In one specific embodiment as depicted in FIG. 6, the restrictor array 15 is a small (also referred to herein as “miniaturized”) array of five restrictors 32, 42, 52, 62, 72. Each of the restrictors 32, 42, 52, 62, 72 has a restrictor body 34, 44, 54, 64, 74 that defines a chamber 36, 46, 56, 66, 76. Each of the restrictor bodies 34, 44, 54, 64, 74 has an external diameter that is slightly smaller than the internal diameter of the tubular line in the system 100. The distal end of each body 34, 44, 54, 64, 74 has a distal wall 38, 48, 58, 68, 78 with a small opening 40, 50, 60, 70, 80 defined therein that is in fluid communication with the chamber 36, 46, 56, 66, 76. The array 15 is structured so that the cooling substrate passes through each of the restrictors 32 42, 52, 62, 72 in succession, thereby passing through the entire array 15. In one embodiment, each of the openings 40, 50, 60, 70, 80 has a successively larger diameter than each opening proximal thereto. In other words, in this specific implementation, the opening 50 in the restrictor 42 has a larger diameter than the opening 40 in restrictor 32. Further, the opening 60 in restrictor 52 has a larger diameter than the opening 40, the opening 70 has a larger diameter than the opening 60, and the opening 80 has a larger diameter than the opening 70.

According to one specific embodiment, the axial length of each of the restrictor bodies 34, 44, 54, 64, 74 is less than 0.25 inches, and the total axial length of the restrictor with all five bodies coupled as shown is about 1 inch. Further, the outer diameter of each body 34, 44, 54, 64, 74 is around 0.25 inches. In this embodiment, the opening 40 in body 34 has a diameter of about 0.007 inches, the opening 50 has a diameter of about 0.011 inches, the opening 60 has a diameter of about 0.017 inches, the opening 70 has a diameter of about 0.025 inches, and the opening 80 has a diameter of about 0.037 inches. In this embodiment, if the gas is pre-chilled and delivered to the array 15 with a temperature of 210 Kelvin and a pressure of 100 atm, the gas will drop to a temperature of 176 K and a pressure of 42 atm when it passes through the opening 40 and into the chamber 46. Further, when the gas passes through opening 50, it will drop to a temperature of 155 K and a pressure of 18 atm. And when the gas passes through the opening 60, it will drop to a temperature of 143 K and an atmosphere of 8 atm. In addition, when the gas passes through the opening 70, the temperature will drop to 136 K and a pressure of 3.6 atm. Finally, when the gas passes through the opening 80, the temperature will drop to 134 K and a pressure of 1.5 atm.

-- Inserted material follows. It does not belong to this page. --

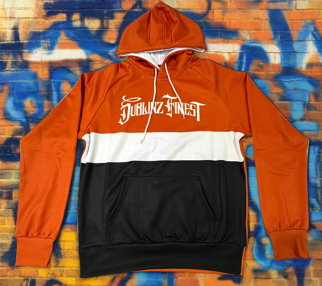 Super comfortable Dublinz Finest Hoodie in Black, White and Orange. Made exclusively for Cosmellow Clothing. 100% Polyester

In alternative embodiments, the restrictor array 15 can constitute any number of restrictors ranging from one restrictor to ten restrictors or more. For example, the array 15 can be made up of one, two, three, or four restrictors. Alternatively, the array 15 can be made up of more than five restrictors. Further, the restrictors in the array 15 can have any known restrictor characteristics and/or dimensions, so long as the array 15 causes the cooling substrate to exit the array 15 at a lower temperature and a lower pressure than entering the array 15.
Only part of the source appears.